Abstract

Ezra Pound's Canto I (1917), and the Hungarian Lőrinc Szabos first volume of poetry, Fold, Erdő, Isten (Earth, Forest, God — poems published between 1920 and 1921) seem to represent the same kind of discourse. Both poets employed classicist filters to induce modern sensibility and anxiety. Their poems are quasi narratives or scenes from ancient literature. Between 1917 and 1921 their response was similar to the same aspects of the past and to its textually and philologically relatable remains so that one particular citation allows manifold interpretation. There appears a borderline, a difference between the intertextual techniques of classical modernity and those of the second phase of modernity. The poets of classical modernity (Browning, Verlaine or the Hungarian Mihaly Babits) built up a fictive world to provide the scenery of the poem. The construction, the composition, the designable whole gained emphasis as an integral part of the work.
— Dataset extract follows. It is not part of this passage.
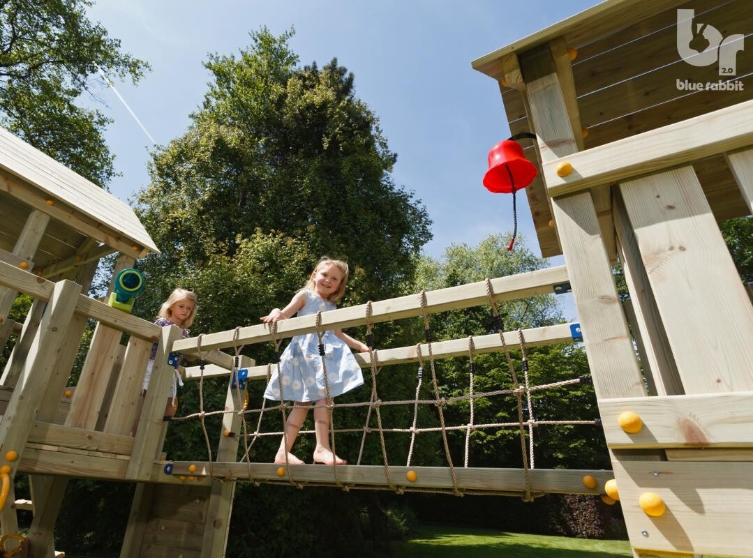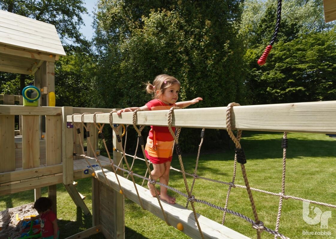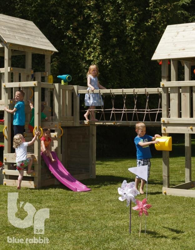 Verbind twee speeltorens met elkaar voor nog meer speelplezier. Over de balk loop je zo van de ene speeltoren naar de andere. De brug wordt tussen twee speeltorens bevestigd met behulp van stevige metalen connectoren. Deze zijn afgewerkt in helder blauwe poedercoating. De brug module is geschikt voor de meeste Blue Rabbit speeltorens, indien ze eenzelfde platformhoogte hebben.

The texts cited by Pound or Szabo are not integrated in the composition, they are left to appear as alien elements to demonstrate unidentifiability. They prove that no text can be a definite part of the composition because they all imply diverse and at times contradictory interpretations in different eras. This kind of intertextualization of classical materials differs not only from the method of classicization of the earlier, classical modernity, but also from the fashionable neo-classicism of the 1930s. In classical modernity and neo-classicism loan-texts emphasize the shaped character of classical culture. While classical modernity valued aspects of composition, neo-classicism aimed at mimicry of tone, rhetorical and poetic forms. In contrast, the second phase of modernity valued intertextuality in itself, free from all formal and logical restrictions.